Records from a dataset
------------------------------

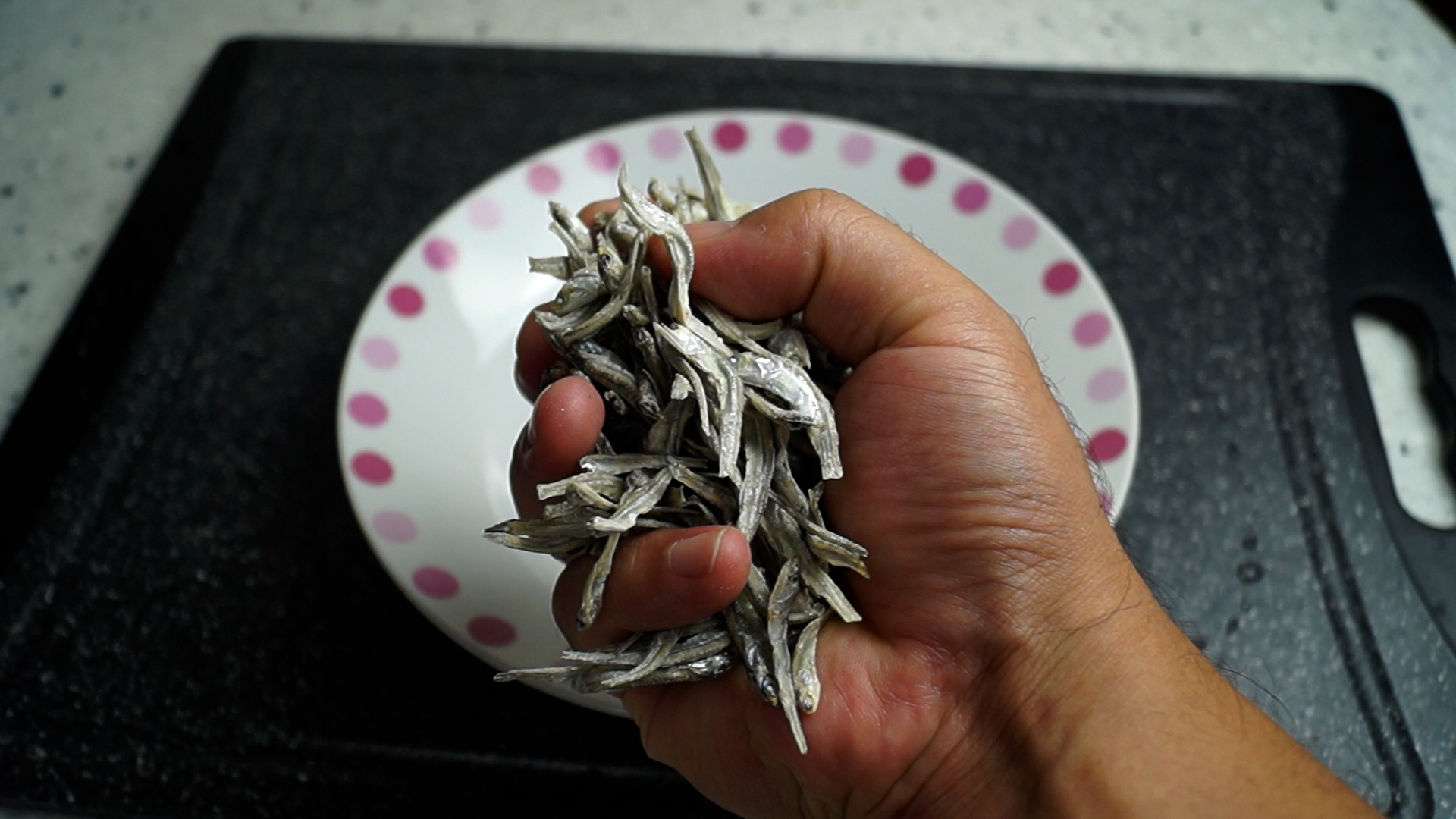14. 약불로 예열한 팬에 멸치를 3분 정도 볶아서 잡내를 날리고 수분도 살짝 날려주세요.
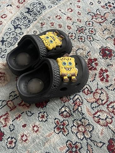 Детские сабо (кроксы) черные с декоративными значками «Губка Боб» на верхе.
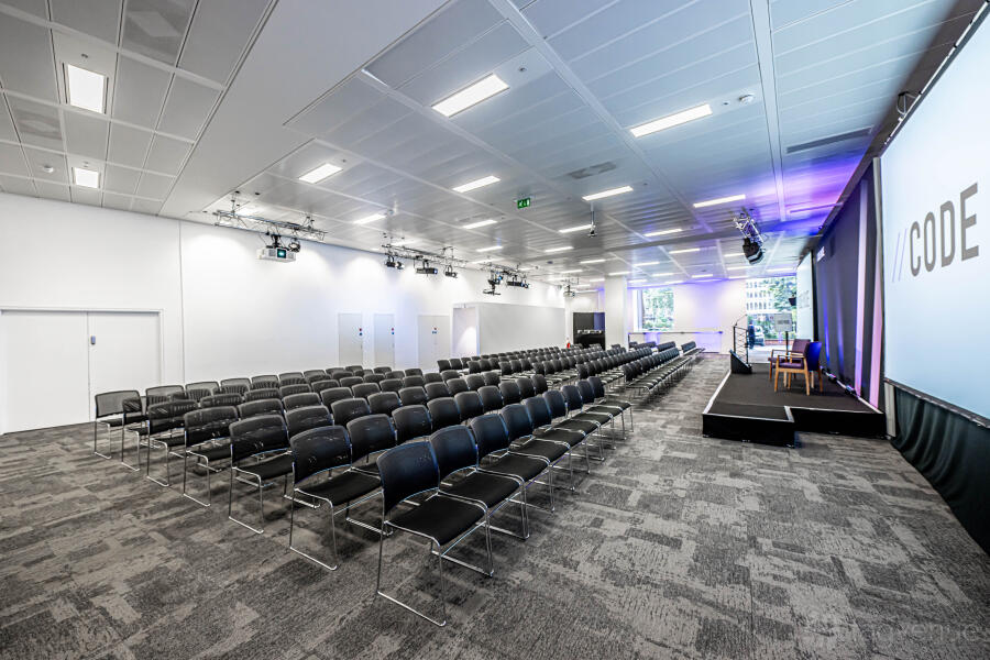 CodeNode benefits from high ceilings, fast and reliable WIFI, high-spec ceiling-mounted projectors and plenty of flipcharts, whiteboards and sockets throughout the venue. A large loading bay area and goods lift to provide easy access to your event staff and exhibitors when delivering any event collateral, banners, booths or other installations.
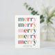 On the front of the postcard, you'll find the word "Merry" repeated three times, emphasising the joy and merriment of the holiday season.
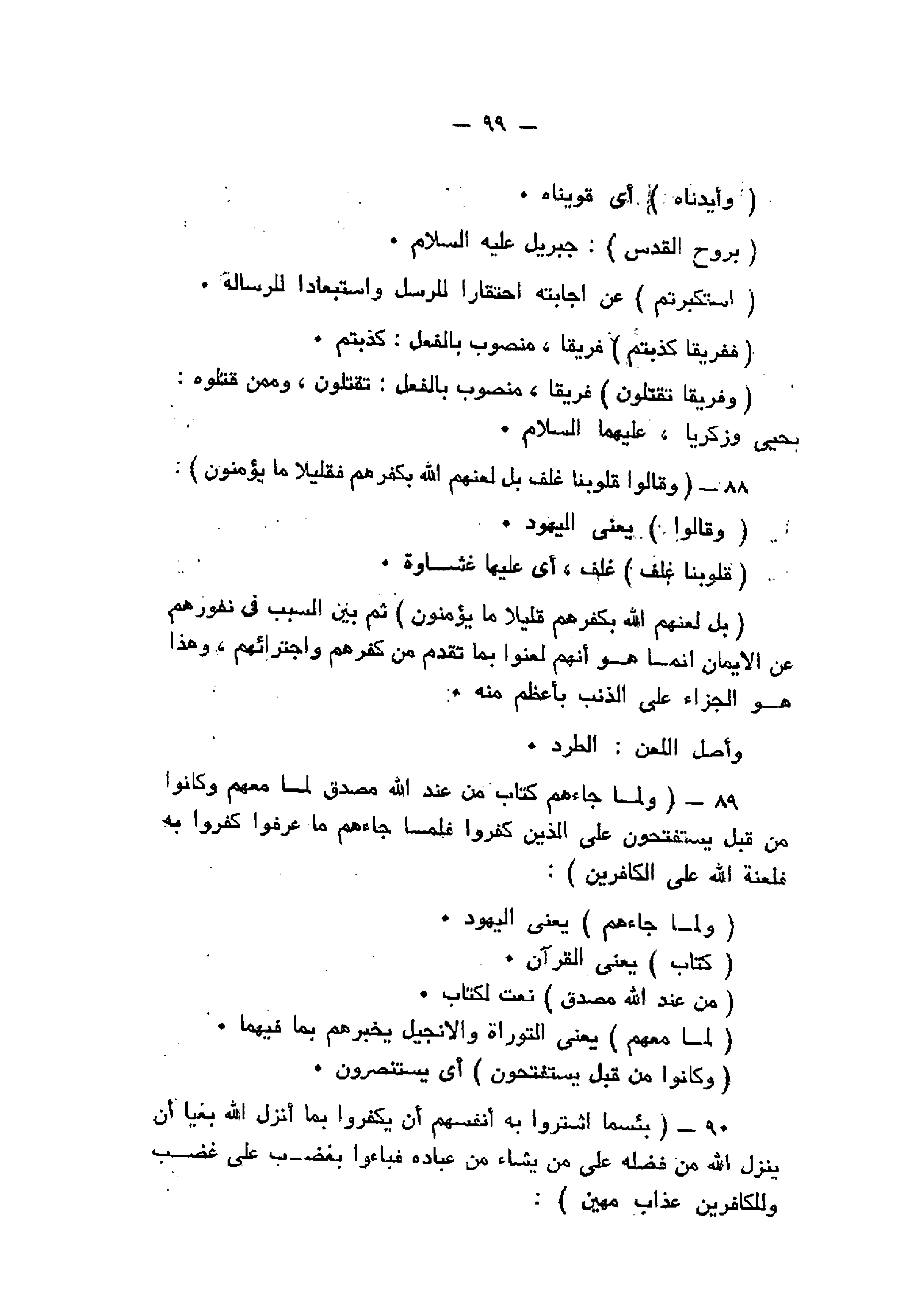 وَقالُوا قُلُوبُنا غُلْفٌ بَلْ لَعَنَهُمُ اللَّهُ بِكُفْرِهِمْ فَقَلِيلاً ما يُؤْمِنُونَ (88) وَلَمَّا جاءَهُمْ كِتابٌ مِنْ عِنْدِ اللَّهِ مُصَدِّقٌ لِما مَعَهُمْ وَكانُوا مِنْ قَبْلُ يَسْتَفْتِحُونَ عَلَى الَّذِينَ كَفَرُوا فَلَمَّا جاءَهُمْ ما عَرَفُوا كَفَرُوا بِهِ فَلَعْنَةُ اللَّهِ عَلَى الْكافِرِينَ (89) بِئْسَمَا اشْتَرَوْا بِهِ أَنْفُسَهُمْ أَنْ يَكْفُرُوا بِما أَنْزَلَ اللَّهُ بَغْياً أَنْ يُنَزِّلَ اللَّهُ مِنْ فَضْلِهِ عَلى مَنْ يَشاءُ مِنْ عِبادِهِ فَباؤُ بِغَضَبٍ عَلى غَضَبٍ وَلِلْكافِرِينَ عَذابٌ مُهِينٌ (90)
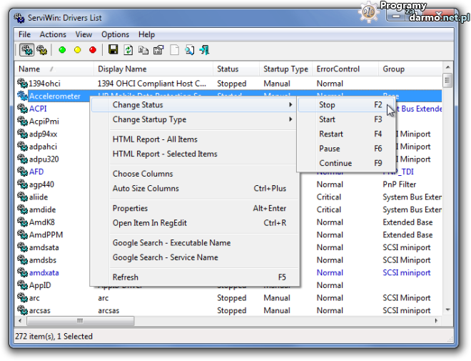 ServiWin – bezpłatne narzędzie które wyświetla szczegółowe informacje o zainstalowanych sterownikach i usługach.Program wyświetla opis pliku, nazwę produktu, nazwę producenta, wersję, status sterownika/usługi, informacje o rozruchu oraz informację o błędach. ServiWin nie tylko wyświetla informacje o sterownikach i usługach ale także pozwala nimi zarządzać, możemy zatrzymać , uruchomić, zrestartować, wstrzymać sterowniki/usługi , zmienić sposób uruchamiania czy zapisać konfigurację do pliku.
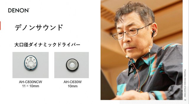 D&Mからはデノンの営業を担当する田中氏と、エンジニアの冨田氏が登壇。先日発表されたデノンブランド初の完全ワイヤレスイヤホン「AH-C830NCW/C630W」を紹介した。発売日は10月15日を予定しており、想定実売価格はAH-C830NCWが税込19,800円前後、AH-C630Wが税込9,900円前後。
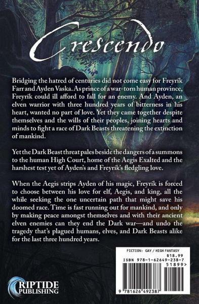 Bridging the hatred of centuries did not come easy for Freyrík Farr and Ayden Vaska. As prince of a war-torn human province, Freyrík could ill afford to fall for an enemy. And Ayden, an elven warrior with three hundred years of bitterness in his heart, wanted no part of love. Yet they came together despite themselves and the wills of their peoples, joining hearts and minds to fight a race of Dark Beasts threatening the extinction of mankind. Yet the Dark Beast threat pales beside the dangers of a summons to the human High Court, home of the Aegis Exalted and the harshest test yet of Ayden's and Freyrík's fledgling love. When the Aegis strips Ayden of his magic, Freyrík is forced to choose between his love for elf, Aegis, and king, all the while seeking the one uncertain path that might save his doomed race. Time is fast running out for mankind, and only by making peace amongst themselves and with their ancient elven enemies can they end the Dark war-and undo the tragedy that's plagued humans, elves, and Dark Beasts alike for the last three hundred years.
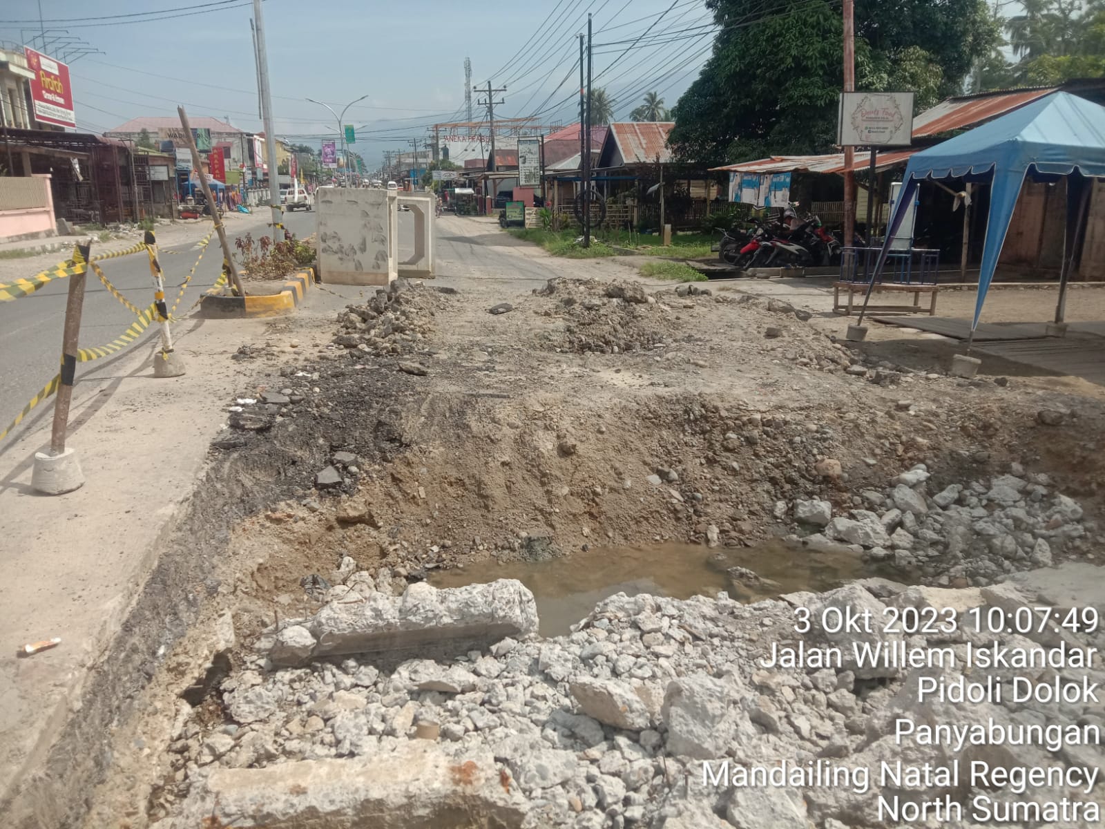 bbnewsmadina.com, – MandailingNatal, – Sejumlah warga memelototi plank merk di jantung Kota Panyabungan, Jalan Willem Iskander, Pidolidolok, Panyabungan, Kab. Mandailingnatal, Selasa (4/10). “Longsor” Panyabungan?
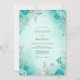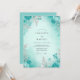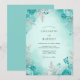 This ethereal design features a soft watercolor wash in shades of teal and aqua. Delicate teal roses and berries are accented by muted tan foliage, creating a serene and breezy atmosphere. Perfect for a coastal or seaside event, the artwork offers a sophisticated and romantic aesthetic.

------------------------------

§ **EXERCISE**
Copy word for word each line of the data above, from the first through the one containing "Детские сабо (кроксы)", and include no pictures.

§ **TASK RESULT**
14. 약불로 예열한 팬에 멸치를 3분 정도 볶아서 잡내를 날리고 수분도 살짝 날려주세요.
 Детские сабо (кроксы) черные с декоративными значками «Губка Боб» на верхе.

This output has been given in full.